Data for analysis section start

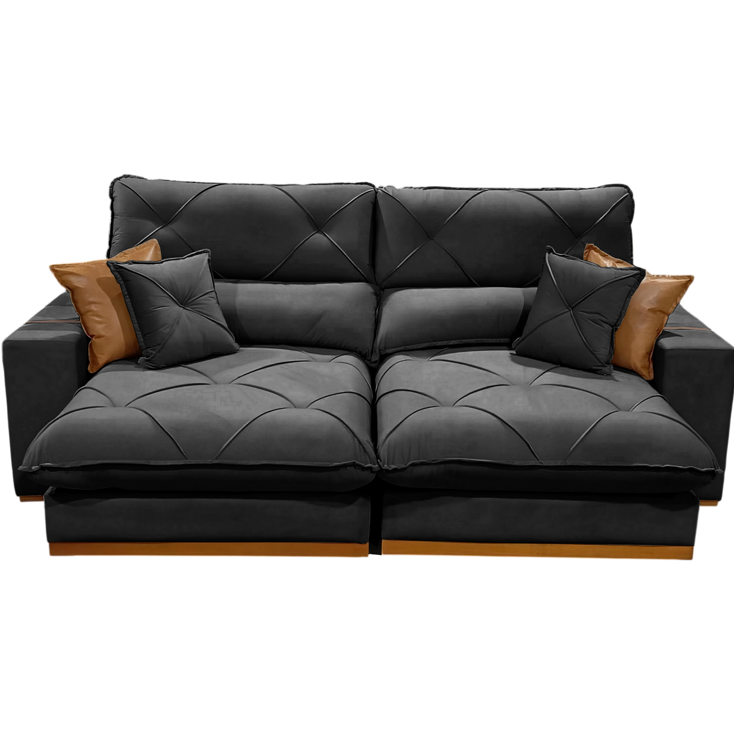 Sofá Retrátil e Reclinável Aquiles/Gran Bello 2,30 m Veludo Preto 111 – ZARAT ESTOFADOS
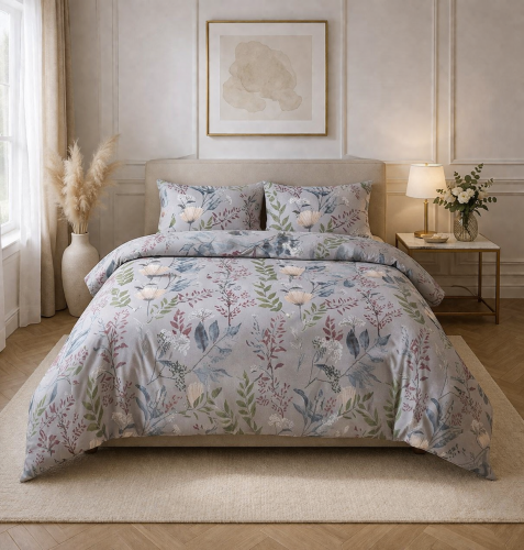 Szukasz pościeli, która łączy elegancję, komfort snu i wysoką jakość wykonania? Ten wyjątkowy komplet pościeli to propozycja dla osób ceniących stylowe wnętrza i dopracowane detale. Delikatny, botaniczny wzór w subtelnych odcieniach szarości, beżu i zieleni doskonale wpisuje się w nowoczesne oraz klasyczne aranżacje sypialni.
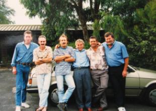 After the 2002 Reunion at Woorabinda: L-R: Ian Pringle, Jeff Browitt, Stephen Heddles, John Udowenko, Ross Smith, Lachlan McPherson
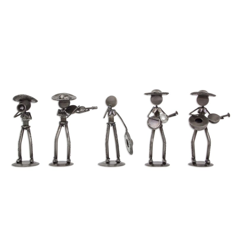 Emblematic of Mexico yet popular throughout the world, five mariachis play a serenade. Armando Ramírez crafts the images from an assortment of recycled metal and automobile parts. Sheet metal scraps, metal screen, spark plugs, washers, screws and wire all find a new life in this unique sculpture set.
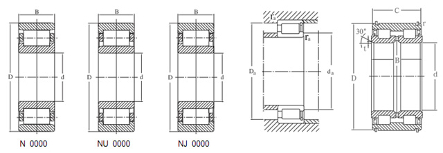 TWB SL04系列雙列滿滾子圓柱滾子軸承、具有較高的徑向承載能力和抗沖擊能力,而且可承受雙向軸向載荷,主要用于滾輪的支承。 該系列軸承具有一個外圈、兩個內圈,裝配后由內部鎖止結構保持軸承成一整體。軸承外圈寬度比兩內圈總寬度小1mm,外圈裝有止動環(huán),兩內圈結合處有油孔和油槽,從而簡化了應用部位的設計。 軸承兩側裝有鋼板沖壓密封圈(也可選接觸式橡膠或尼龍密封圈)。軸承零件表面可磷化處理,以保證軸承適應露天環(huán)境的應用。

Data for analysis section end

What you need to do:
Output only the lines from the one that contains "Szukasz pościeli, która" to the end of the entries above, both end lines included, and drop the pictures.

Result of this exercise:
 Szukasz pościeli, która łączy elegancję, komfort snu i wysoką jakość wykonania? Ten wyjątkowy komplet pościeli to propozycja dla osób ceniących stylowe wnętrza i dopracowane detale. Delikatny, botaniczny wzór w subtelnych odcieniach szarości, beżu i zieleni doskonale wpisuje się w nowoczesne oraz klasyczne aranżacje sypialni.
 After the 2002 Reunion at Woorabinda: L-R: Ian Pringle, Jeff Browitt, Stephen Heddles, John Udowenko, Ross Smith, Lachlan McPherson
 Emblematic of Mexico yet popular throughout the world, five mariachis play a serenade. Armando Ramírez crafts the images from an assortment of recycled metal and automobile parts. Sheet metal scraps, metal screen, spark plugs, washers, screws and wire all find a new life in this unique sculpture set.
 TWB SL04系列雙列滿滾子圓柱滾子軸承、具有較高的徑向承載能力和抗沖擊能力,而且可承受雙向軸向載荷,主要用于滾輪的支承。 該系列軸承具有一個外圈、兩個內圈,裝配后由內部鎖止結構保持軸承成一整體。軸承外圈寬度比兩內圈總寬度小1mm,外圈裝有止動環(huán),兩內圈結合處有油孔和油槽,從而簡化了應用部位的設計。 軸承兩側裝有鋼板沖壓密封圈(也可選接觸式橡膠或尼龍密封圈)。軸承零件表面可磷化處理,以保證軸承適應露天環(huán)境的應用。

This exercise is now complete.